Your task: Your reply should reproduce all the data below exactly while excluding the pictures.
━━━ Material supplied
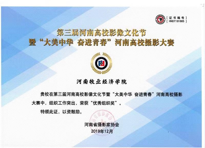 本次摄影大赛由河南省摄影家协会、河南省高校摄影学会共同主办,郑州铁路职业技术公司承办。河南省高校摄影学会副主席楚恩熠谈到河南高校影像文化节暨河南高校摄影大赛已连续成功举办了三届,得到了河南省摄影家协会、新华网、河南财政金融公司、best365足球官网、郑州铁路职业技术公司等相关单位的大力支持,其中best365足球官网在摄影大赛中,组织工作突出,被授予“优秀组织奖”荣誉称号。
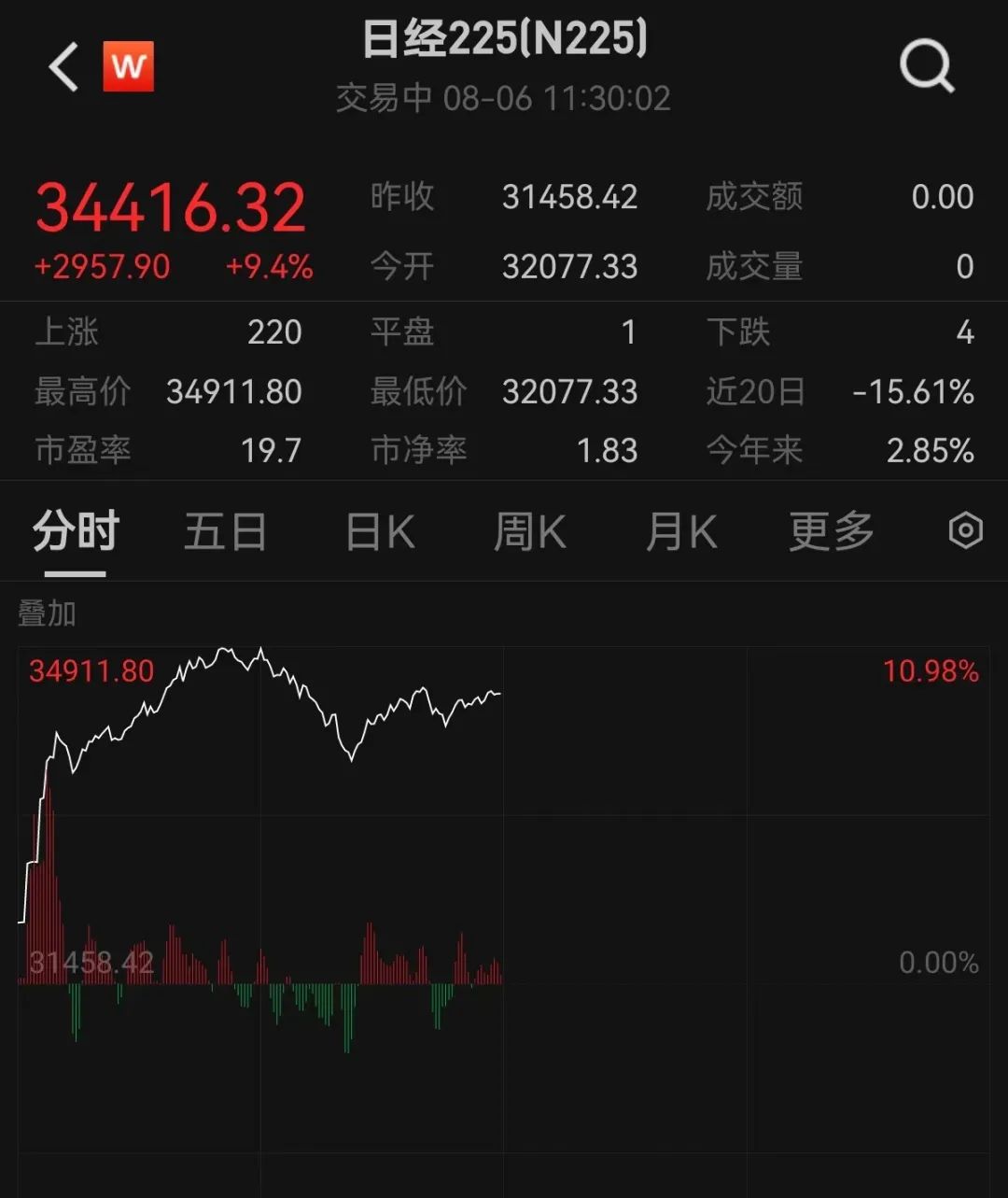 8月6日,经历昨日“惊魂一跳”之后,日韩股市开启暴力反弹。日本股市开盘走高,盘中日经225指数、东证指数均涨超10.8%。韩国综合指数、韩国KOSDAQ综合指数盘中分别涨超5.5%、6.8%。
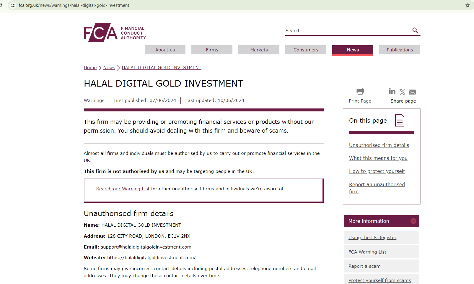 On June 10, 2024, the Financial Conduct Authority (FCA) issued a warning against HALAL DIGITAL GOLD INVESTMENT for the lack of authorization. https://www.fca.org.uk/news/warnings/halal-digital-gold-investment
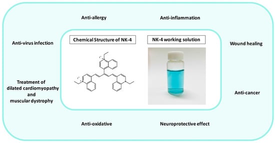 NK-4 plays a key role in the treatment of various diseases, such as in hay fever to expect anti-allergic effects, in bacterial infections and gum abscesses to expect anti-inflammatory effects, in scratches, cuts, and mouth sores from bites inside the mouth for enhanced wound healing, in herpes simplex virus (HSV)-1 infections for antiviral effects, and in peripheral nerve disease that causes tingling pain and numbness in hands and feet, while NK-4 is used also to expect antioxidative and neuroprotective effects. We review all therapeutic directions for the cyanine dye NK-4, as well as the pharmacological mechanism of NK-4 in animal models of related diseases. Currently, NK-4, which is sold as an over-the-counter drug in drugstores, is approved for treating allergic diseases, loss of appetite, sleepiness, anemia, peripheral neuropathy, acute suppurative diseases, wounds, heat injuries, frostbite, and tinea pedis in Japan. The therapeutic effects of NK-4’s antioxidative and neuroprotective properties in animal models are now under development, and we hope to apply these pharmacological effects of NK-4 to the treatment of more diseases. All experimental data suggest that different kinds of utility of NK-4 in the treatment of diseases can be developed based on the various pharmacological properties of NK-4. It is expected that NK-4 could be developed in more therapeutic strategies to treat many types of diseases, such as neurodegenerative and retinal degenerative diseases.
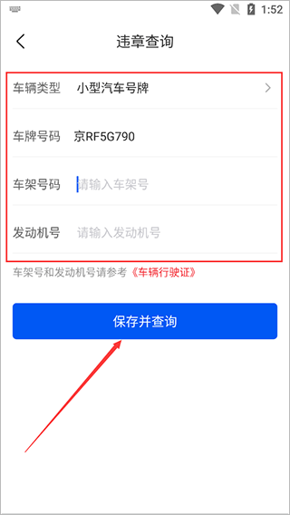 2、接着选择自己需要查询的车型,填写车牌号、车架号和发动机号,若不清楚车架号和发动机号,可在行驶证上查找,填写完毕后点击“保存并查询”按钮即可。
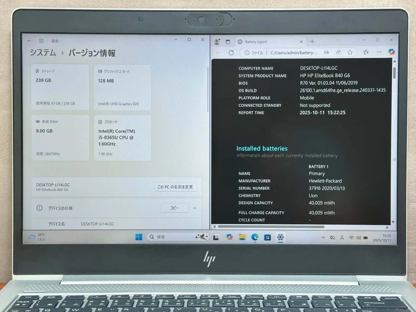 【商品名】 HP EliteBook 840 G6 【商品説明】 ■スペック ・CPU: Core i5-8365U 1.6GHz, ターボブースト: 4.1GHz ・RAM: 8GB 2667MHz ・統合グラフィックス: Intel UHD Graphics 620 ・ストレージ: 256GB SSD M.2 PCIe ・ディスプレイ: 14.1インチ ・指紋認証 ・ ・Webカメラ搭載 ・WiFi, Bluetooth搭載 ・解像度: 1920x1080 ・OS: Windows 11 Pro ・Office付 ■状態 ・起動確認済品, . ・設定は全て完了しておりますので、お手元に届き次第、すぐにご使用頂けます (本品は中古品なので、バッテリーの寿命は保証できません。ご理解の上でご購入下さい) ■外装・機能状態 【外装状態】B : 良品 : 小さなキズや擦れあり。動作に問題なし。 【液晶状態】A : 綺麗な状態。ドット抜けはなく、微細なキズがある場合がありますが、目立たず使用に支障はありません。 【機能状態】A : 機能良好。基本動作はすべて正常。軽微な経年劣化: バッテリー消耗程度あり。 ・中古品かつ個人での検品のため、外観の状態につきましては主観的な判断や見落としがある場合がございます。予めご了承ください。 ・ご入札前に商品の状態を写真でご確認ください。 ■付属品 本体、ACアダプタ、電源コード ■保証期間: ・初期不良の場合、到着後2週間以内にご連絡ください。 ・C、D、 Jランクのものは一律保証無し商品となりますのでよくご確認ください。 ・不明点がございましたら、ご購入の前にご質問をお願い致します。 ご検討よろしくお願いいたします。 <古物営業法に基づく表示> 許可番号:東京都公安委員会 第307792517204号 #Kantopc #ノートパソコン #中古パソコン #おすすめPC #HP #EliteBook840G6 #i5 #8世代 #安心保証付き #動作確認済み #24H以内発送 #無料発送
━━━━━━
The completed task:
 本次摄影大赛由河南省摄影家协会、河南省高校摄影学会共同主办,郑州铁路职业技术公司承办。河南省高校摄影学会副主席楚恩熠谈到河南高校影像文化节暨河南高校摄影大赛已连续成功举办了三届,得到了河南省摄影家协会、新华网、河南财政金融公司、best365足球官网、郑州铁路职业技术公司等相关单位的大力支持,其中best365足球官网在摄影大赛中,组织工作突出,被授予“优秀组织奖”荣誉称号。
 8月6日,经历昨日“惊魂一跳”之后,日韩股市开启暴力反弹。日本股市开盘走高,盘中日经225指数、东证指数均涨超10.8%。韩国综合指数、韩国KOSDAQ综合指数盘中分别涨超5.5%、6.8%。
 On June 10, 2024, the Financial Conduct Authority (FCA) issued a warning against HALAL DIGITAL GOLD INVESTMENT for the lack of authorization. https://www.fca.org.uk/news/warnings/halal-digital-gold-investment
 NK-4 plays a key role in the treatment of various diseases, such as in hay fever to expect anti-allergic effects, in bacterial infections and gum abscesses to expect anti-inflammatory effects, in scratches, cuts, and mouth sores from bites inside the mouth for enhanced wound healing, in herpes simplex virus (HSV)-1 infections for antiviral effects, and in peripheral nerve disease that causes tingling pain and numbness in hands and feet, while NK-4 is used also to expect antioxidative and neuroprotective effects. We review all therapeutic directions for the cyanine dye NK-4, as well as the pharmacological mechanism of NK-4 in animal models of related diseases. Currently, NK-4, which is sold as an over-the-counter drug in drugstores, is approved for treating allergic diseases, loss of appetite, sleepiness, anemia, peripheral neuropathy, acute suppurative diseases, wounds, heat injuries, frostbite, and tinea pedis in Japan. The therapeutic effects of NK-4’s antioxidative and neuroprotective properties in animal models are now under development, and we hope to apply these pharmacological effects of NK-4 to the treatment of more diseases. All experimental data suggest that different kinds of utility of NK-4 in the treatment of diseases can be developed based on the various pharmacological properties of NK-4. It is expected that NK-4 could be developed in more therapeutic strategies to treat many types of diseases, such as neurodegenerative and retinal degenerative diseases.
 2、接着选择自己需要查询的车型,填写车牌号、车架号和发动机号,若不清楚车架号和发动机号,可在行驶证上查找,填写完毕后点击“保存并查询”按钮即可。
 【商品名】 HP EliteBook 840 G6 【商品説明】 ■スペック ・CPU: Core i5-8365U 1.6GHz, ターボブースト: 4.1GHz ・RAM: 8GB 2667MHz ・統合グラフィックス: Intel UHD Graphics 620 ・ストレージ: 256GB SSD M.2 PCIe ・ディスプレイ: 14.1インチ ・指紋認証 ・ ・Webカメラ搭載 ・WiFi, Bluetooth搭載 ・解像度: 1920x1080 ・OS: Windows 11 Pro ・Office付 ■状態 ・起動確認済品, . ・設定は全て完了しておりますので、お手元に届き次第、すぐにご使用頂けます (本品は中古品なので、バッテリーの寿命は保証できません。ご理解の上でご購入下さい) ■外装・機能状態 【外装状態】B : 良品 : 小さなキズや擦れあり。動作に問題なし。 【液晶状態】A : 綺麗な状態。ドット抜けはなく、微細なキズがある場合がありますが、目立たず使用に支障はありません。 【機能状態】A : 機能良好。基本動作はすべて正常。軽微な経年劣化: バッテリー消耗程度あり。 ・中古品かつ個人での検品のため、外観の状態につきましては主観的な判断や見落としがある場合がございます。予めご了承ください。 ・ご入札前に商品の状態を写真でご確認ください。 ■付属品 本体、ACアダプタ、電源コード ■保証期間: ・初期不良の場合、到着後2週間以内にご連絡ください。 ・C、D、 Jランクのものは一律保証無し商品となりますのでよくご確認ください。 ・不明点がございましたら、ご購入の前にご質問をお願い致します。 ご検討よろしくお願いいたします。 <古物営業法に基づく表示> 許可番号:東京都公安委員会 第307792517204号 #Kantopc #ノートパソコン #中古パソコン #おすすめPC #HP #EliteBook840G6 #i5 #8世代 #安心保証付き #動作確認済み #24H以内発送 #無料発送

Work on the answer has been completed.